MATERIAL PROVIDED ->
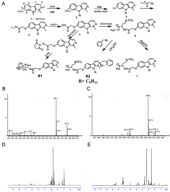 Figure 1: A. synthetic scheme of harmine derivatives 2DG-Har-01 and MET-Har-02. B. and C. Mass spectrums of 2DG-Har-01 (B) and MET-Har-02 (C) D. and E. 1H-NMR spectrums of 2DG-Har-01 (D) and MET-Har-02 (E).
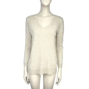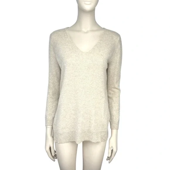 ZARA KNIT 100% Cashmere Oatmeal Beige V-Neck Sweater Size S
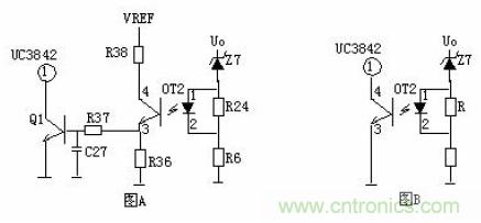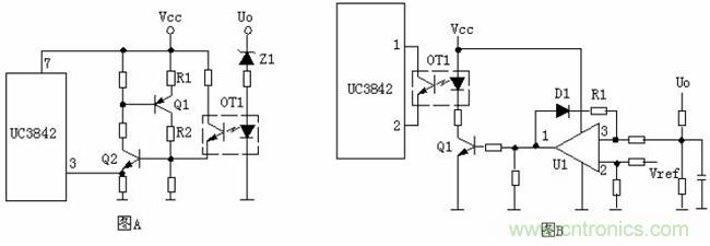 圖A的工作原理是,當(dāng)輸出電壓Uo升高,穩(wěn)壓管導(dǎo)通,光耦導(dǎo)通,Q2基極得電導(dǎo)通,由于Q2的導(dǎo)通Q1基極電壓降低也導(dǎo)通,Vcc電壓經(jīng)R1、Q1、R2使Q2始終導(dǎo)通,UC3842③腳始終是高電平而停止工作。在圖B中,UO升高U1③腳電壓升高,①腳輸出高電平,由于D1、R1的存在,U1①腳始終輸出高電平Q1始終導(dǎo)通,UC3842①腳始終是低電平而停止工作。正反饋?

TASK DESCRIPTION -> Transcribe every line from the one containing "ZARA KNIT 100%" to the end of the listing, exactly and exclusively. Do not carry any picture over.

EXERCISE SOLUTION ->
 ZARA KNIT 100% Cashmere Oatmeal Beige V-Neck Sweater Size S
 圖A的工作原理是,當(dāng)輸出電壓Uo升高,穩(wěn)壓管導(dǎo)通,光耦導(dǎo)通,Q2基極得電導(dǎo)通,由于Q2的導(dǎo)通Q1基極電壓降低也導(dǎo)通,Vcc電壓經(jīng)R1、Q1、R2使Q2始終導(dǎo)通,UC3842③腳始終是高電平而停止工作。在圖B中,UO升高U1③腳電壓升高,①腳輸出高電平,由于D1、R1的存在,U1①腳始終輸出高電平Q1始終導(dǎo)通,UC3842①腳始終是低電平而停止工作。正反饋?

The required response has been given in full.